IBM VP Anjul Bhambhri on the Era of the Data Scientist

Just a few short years ago, the problem of database size scaling to colossal capacities that exceeded the scope of entire network storage units, seemed insurmountable. Today, it’s practically under control, with a wealth of open source technology emerging not from database engineers but rather from Internet architects. Hadoop has transformed the very nature of transformation, becoming one of the most readily adopted technologies in the history of the data center.

But is it mature? And will businesses have access to the right people with the skill sets necessary to master this new aspect of information management? After having spent five years as a senior engineer at Sybase, another six years as a development director at Informix, and over three years managing DB2 development for IBM, Anjul Bhambhri is arguably one of the most skilled plain data architects in the business. In September 2010, IBM promoted her to the new post of Vice President for Big Data and Streams. In an interview with ReadWriteWeb, we asked Bhambhri whether the big data tools developed in so short a time are mature enough to be used by IT workers everywhere, or whether they will truly require a scientist to master.

Anjul Bhambhri, VP for Big Data, IBM: You’re absolutely right that what we’ve seen in just this last year around big data, what people want to do with it, the possibilities, the use cases that we’ve heard from customers, have all been completely mind-blowing. It’s reaching this level of… I wouldn’t say maturity, but obviously everybody’s at a different point in this whole curve of big data. There are clearly people who are still trying to understand, what is big data versus small data? But definitely with social media… it’s clear that people do understand that there’s a lot of unstructured data, and they cannot just stick with deterministic data that has been residing in warehouses, maybe in IBMs or Oracles. People do recognize that unstructured data needs to be brought into their information management platforms. Otherwise, they’re not getting the complete view of the different data points that they should be looking at to make decisions.

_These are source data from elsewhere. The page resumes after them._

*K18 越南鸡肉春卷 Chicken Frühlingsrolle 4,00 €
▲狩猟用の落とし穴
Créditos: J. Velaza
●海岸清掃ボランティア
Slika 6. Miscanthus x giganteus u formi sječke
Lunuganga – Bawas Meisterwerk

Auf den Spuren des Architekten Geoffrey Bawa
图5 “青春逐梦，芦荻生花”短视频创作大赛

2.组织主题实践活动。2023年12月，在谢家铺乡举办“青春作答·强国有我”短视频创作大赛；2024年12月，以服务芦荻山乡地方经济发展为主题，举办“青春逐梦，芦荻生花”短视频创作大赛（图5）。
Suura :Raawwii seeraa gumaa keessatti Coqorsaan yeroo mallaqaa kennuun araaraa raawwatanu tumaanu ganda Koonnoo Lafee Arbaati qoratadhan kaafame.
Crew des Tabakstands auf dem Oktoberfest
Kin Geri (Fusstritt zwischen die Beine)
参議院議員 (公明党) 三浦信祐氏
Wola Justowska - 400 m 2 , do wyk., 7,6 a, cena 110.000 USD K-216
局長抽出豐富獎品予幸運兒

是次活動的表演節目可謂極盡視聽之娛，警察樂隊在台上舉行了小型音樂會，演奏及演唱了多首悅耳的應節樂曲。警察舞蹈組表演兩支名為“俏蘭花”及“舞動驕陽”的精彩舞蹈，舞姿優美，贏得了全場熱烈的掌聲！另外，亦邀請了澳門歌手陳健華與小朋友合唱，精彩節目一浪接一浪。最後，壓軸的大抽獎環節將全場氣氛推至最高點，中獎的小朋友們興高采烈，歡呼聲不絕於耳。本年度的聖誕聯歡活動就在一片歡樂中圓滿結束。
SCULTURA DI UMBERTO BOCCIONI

From that standpoint, what has been happening in the open source community has been fabulous. The Apache Hadoop project has really gone to that next level of being able to pre-process a lot of this noisy, unstructured data in a cost-effective manner. It made it possible for people to start using commodity hardware. This is a very important step for sure, that you can now pre-process and analyze this data – what we call the discovery phase, where you can observe things about the data. [But] they cannot just take the open source and be able to observe and discover data. So there is a certain set of consumability or tooling that is needed for data scientists to be able to observe and discover, what is the data telling them? That tooling also has not reached a level of maturity, so that these people’s jobs become easier.

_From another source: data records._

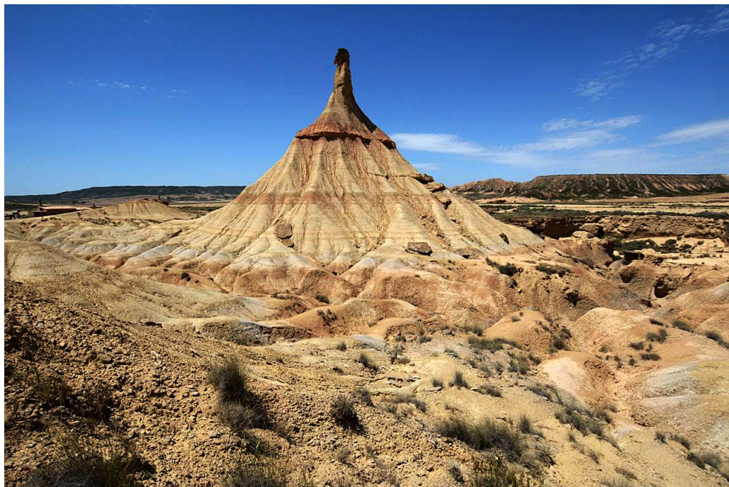
4. kép – A táj katedrálisa (Bardenas Reales, Spanyolország)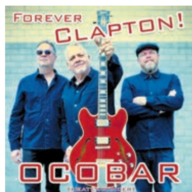
De band Ocozar.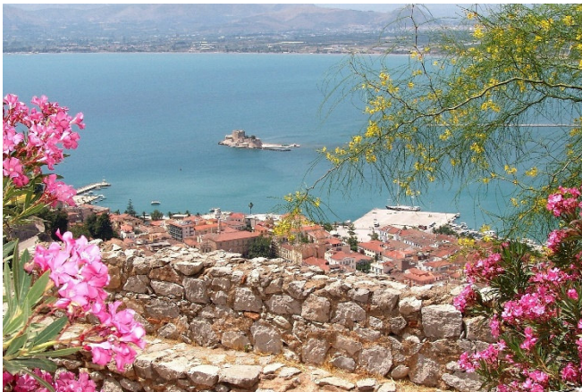
Blick auf Nauplia

Anschließend besichtigen Sie die Ausgrabungen von Alt-Korinth . Die ideale Lage am Isthmus, der Landenge zwischen dem Peloponnes und dem Festland, machte die Stadt in der Antike zu einem wichtigen Handelsplatz. Sie besichtigen die Ruinen des Apollon-Tempels und spazieren über die Lechaion-Straße zur Agorá , dem Marktplatz der antiken Stadt. Hier steht auch das Bema, eine Rednertribüne, von der der Apostel Paulus zu den Korinthern gesprochen haben soll.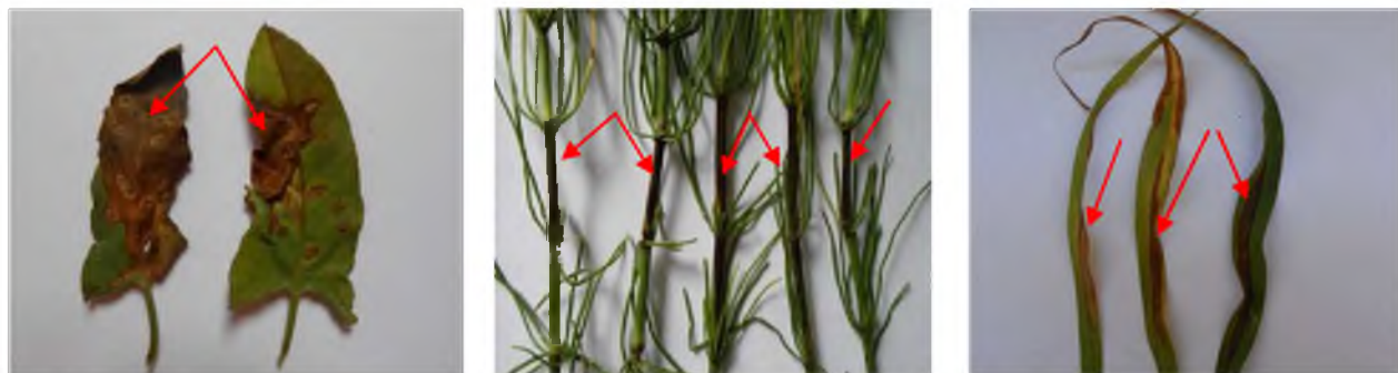
Рис. 2. Прояв штучного зараження березки польової, хвоща польового, плоскухи звичайної виділеними ізолятами бактерій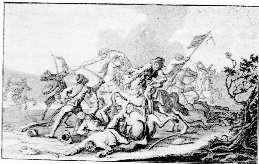
CSATÁZÓ KURUCZOK. Egykoru rajz után. (Lásd a 366. lapon.)

Nagy volt a bécsi udvarnál a német és cseh tanácsosok haragja és ijedelme, hogy a fiatal Rákóczi, akinek ha nem halált, hát legalább is örökös rabságot szántak,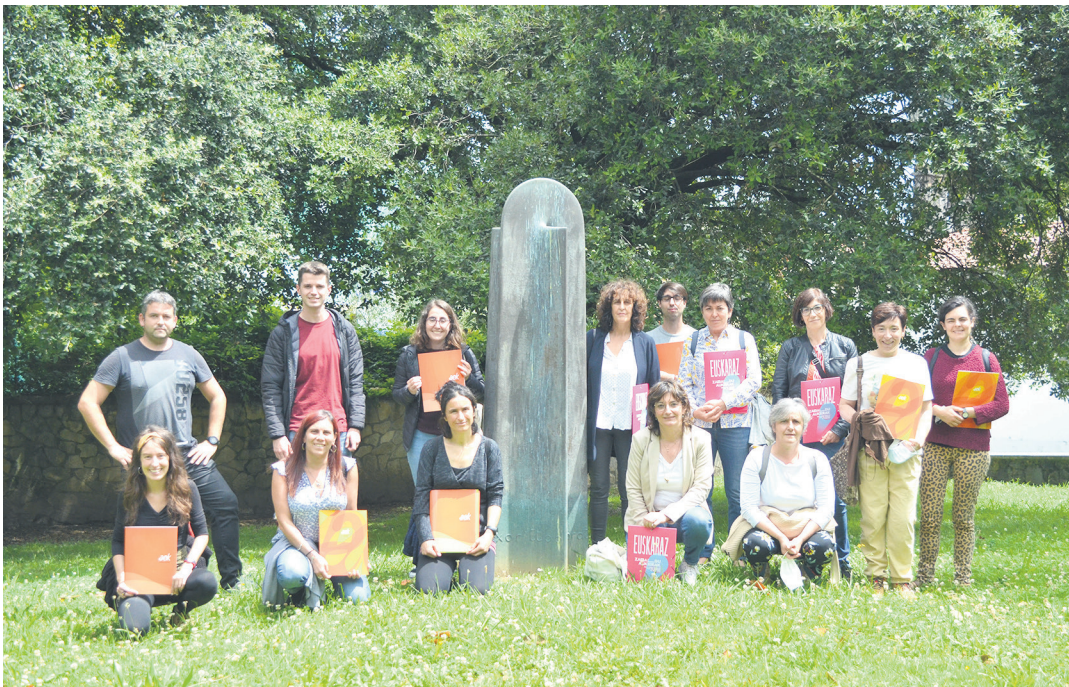
Buruntzaldeko eskalategien zein Udaletako euskara zerbitzuen ordezkariak Urnietan ateratako argazkian.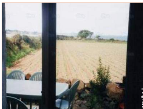
vista dal terrazzo

We don’t want to expose this to the domain experts, because they have to be able to focus on asking the questions… They can’t get bogged down by the algorithms behind the scenes.
Anjul Bhambhri, VP for Big Data, IBM

Next, of course, there is more analysis and correlation of this data that has to be done across all the data in or outside the enterprise. There’s the aspect of integrating, bringing it in, and not looking at data in a silo. I think the integration of data is going to take a different meaning, and more advances have to be done there. This integration has to be very seamless, so that when questions are asked, all the right pieces of information have to be pulled from the five, six, ten, however many repositories there are in the enterprise, in the right context.

Scott Fulton, ReadWriteWeb: I know you’ve mentioned online recently that the data scientist is the Job of the Future. There might be some enterprises that might be scared by the concept – that they have to hire a scientist, somebody at that level, just to be able to make sense of what the analytics are telling her about big data. If the tools mature to the next level, as you suggest they do, shouldn’t understanding how the data works not necessarily be the task of scientists, but maybe more what we would call “skilled artisans?”

Anjul Bhambhri: In terms of observing and discovering and analyzing, yes, a lot of us have come to some agreement that you need a role like a data scientist. Now, people are going to be emerging [from college] with pretty much the same kinds of education that they were getting in the last three to five years. So it’s not like the whole of education is going to change here.

It’s going to be very critical that the tooling we build actually helps people with the educational background that they might have in mathematics or statistics, computer science, modeling, analytics. If they’ve taken those kinds of courses, then they have a good foundation. But the tools themselves have to help them become good data scientists. And it’ll happen over a period of time. They at least have to have that mindset that there are new sources of data that they have to look at. They have to understand as data scientists that they will probably have to cause some shifts inside the organization, maybe across the culture of the organization. That attitude will need to be there. [But] without the tools, it will be very difficult even for a smart data scientist to do this on their own, because the volumes here are really large.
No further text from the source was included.